SUPPLIED RECORDS:
┄┄┄┄┄┄┄┄┄┄

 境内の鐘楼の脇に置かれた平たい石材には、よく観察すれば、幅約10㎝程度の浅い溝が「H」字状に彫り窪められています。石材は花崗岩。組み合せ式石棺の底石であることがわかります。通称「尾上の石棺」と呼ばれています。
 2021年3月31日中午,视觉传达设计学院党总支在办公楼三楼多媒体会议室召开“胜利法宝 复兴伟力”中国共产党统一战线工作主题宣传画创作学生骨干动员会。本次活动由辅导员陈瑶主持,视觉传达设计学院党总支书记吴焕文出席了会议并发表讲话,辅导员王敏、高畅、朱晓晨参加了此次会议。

┄┄┄┄┄┄┄┄┄┄

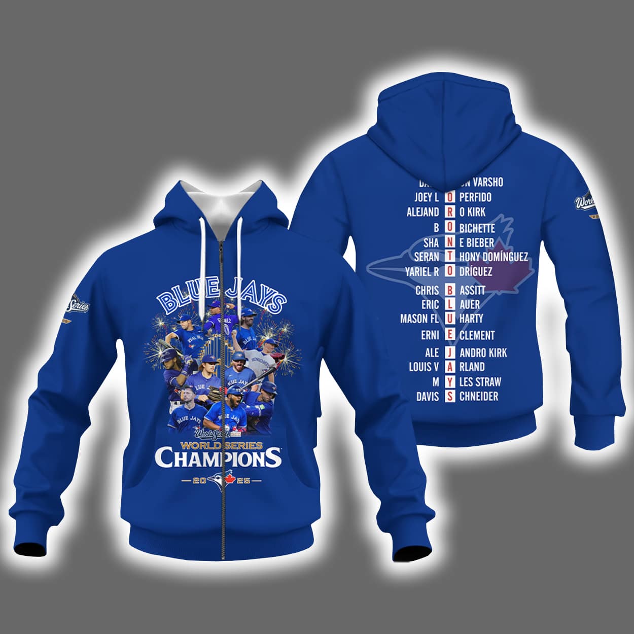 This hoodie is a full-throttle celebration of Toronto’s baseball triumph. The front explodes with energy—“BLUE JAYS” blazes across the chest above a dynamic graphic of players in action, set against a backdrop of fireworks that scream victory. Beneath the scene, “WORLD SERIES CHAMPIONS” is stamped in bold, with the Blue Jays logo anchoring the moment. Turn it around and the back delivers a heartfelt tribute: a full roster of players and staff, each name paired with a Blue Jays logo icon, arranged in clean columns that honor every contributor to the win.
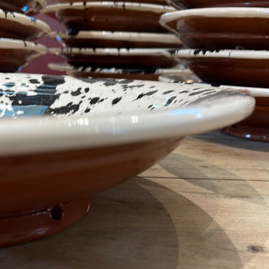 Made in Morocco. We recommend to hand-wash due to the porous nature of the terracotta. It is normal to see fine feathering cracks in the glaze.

┄┄┄┄┄┄┄┄┄┄

TASK OBJECTIVE:
Repeat the lines above exactly, beginning with the one containing "This hoodie is" and finishing with the one containing "Made in Morocco.". No pictures belong in the copy.

RESULT OF THIS TASK:
 This hoodie is a full-throttle celebration of Toronto’s baseball triumph. The front explodes with energy—“BLUE JAYS” blazes across the chest above a dynamic graphic of players in action, set against a backdrop of fireworks that scream victory. Beneath the scene, “WORLD SERIES CHAMPIONS” is stamped in bold, with the Blue Jays logo anchoring the moment. Turn it around and the back delivers a heartfelt tribute: a full roster of players and staff, each name paired with a Blue Jays logo icon, arranged in clean columns that honor every contributor to the win.
 Made in Morocco. We recommend to hand-wash due to the porous nature of the terracotta. It is normal to see fine feathering cracks in the glaze.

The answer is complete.